→ **WHAT NEEDS TO BE DONE**
Restate the listing below word for word, and leave its pictures behind.

→ **COLLECTED MATERIAL**
::::::::

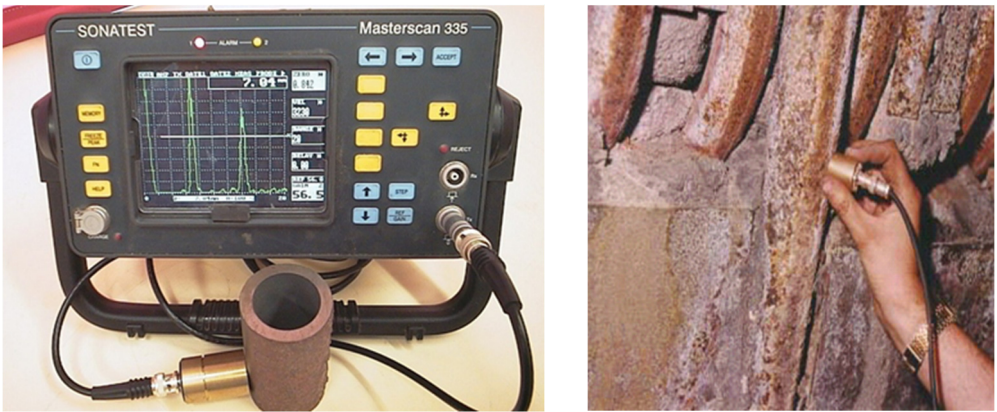
Fig. 1. EMAT transducer coupled with a popular standard UT instrument MS335 (left) and the manual EMAT thickness measurement performed on boiler tubes (right)

The experiments were done in laboratory using real tube samples obtained from power plants in Kazakhstan. These samples were exposed to real life conditions in boilers. The high temperatures, over 400-450 °C in the boiler causes the reaction between steel tube material and steam and flue gas producing hard, adhering scale with high contents of iron oxides. The scale is first produced on tube external surface, directly exposed to the flame, where temperatures are highest. For the purpose of obtaining magnetostrictive coupling between EMAT transducer and the tube it is not, however critical where the scale is located. Good indications were obtained with scale on either surface while testing from the outside. More important than location is the chemical composition of the scale, determining its magnetostrictive properties and its adherence to the parent metal. The scale thickness, even so emphasized in many previous publications was found not to be that important as authors were able to obtain good EMAT indications through scale ranging from less than few microns to 7 mm thick [7]. Figure 1 shows the EMAT transducer coupled with a standard off-shelf UT equipment and how the manual inspection is done on boiler tubes.
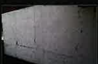
Repair Cracked Wall
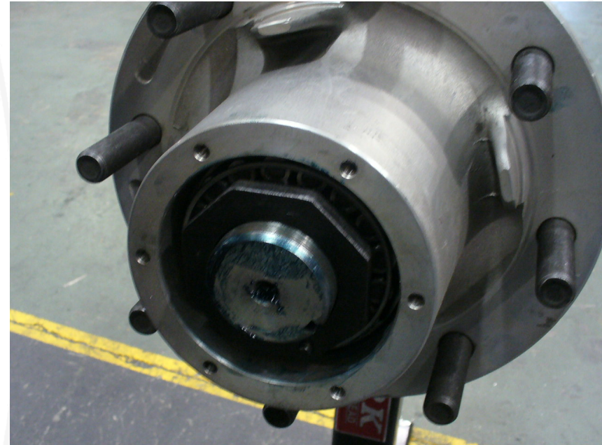
Assemble adjusting nut etc..

::::::::

→ **SOLUTION FOR THIS EXERCISE**
Fig. 1. EMAT transducer coupled with a popular standard UT instrument MS335 (left) and the manual EMAT thickness measurement performed on boiler tubes (right)

The experiments were done in laboratory using real tube samples obtained from power plants in Kazakhstan. These samples were exposed to real life conditions in boilers. The high temperatures, over 400-450 °C in the boiler causes the reaction between steel tube material and steam and flue gas producing hard, adhering scale with high contents of iron oxides. The scale is first produced on tube external surface, directly exposed to the flame, where temperatures are highest. For the purpose of obtaining magnetostrictive coupling between EMAT transducer and the tube it is not, however critical where the scale is located. Good indications were obtained with scale on either surface while testing from the outside. More important than location is the chemical composition of the scale, determining its magnetostrictive properties and its adherence to the parent metal. The scale thickness, even so emphasized in many previous publications was found not to be that important as authors were able to obtain good EMAT indications through scale ranging from less than few microns to 7 mm thick [7]. Figure 1 shows the EMAT transducer coupled with a standard off-shelf UT equipment and how the manual inspection is done on boiler tubes.
Repair Cracked Wall
Assemble adjusting nut etc..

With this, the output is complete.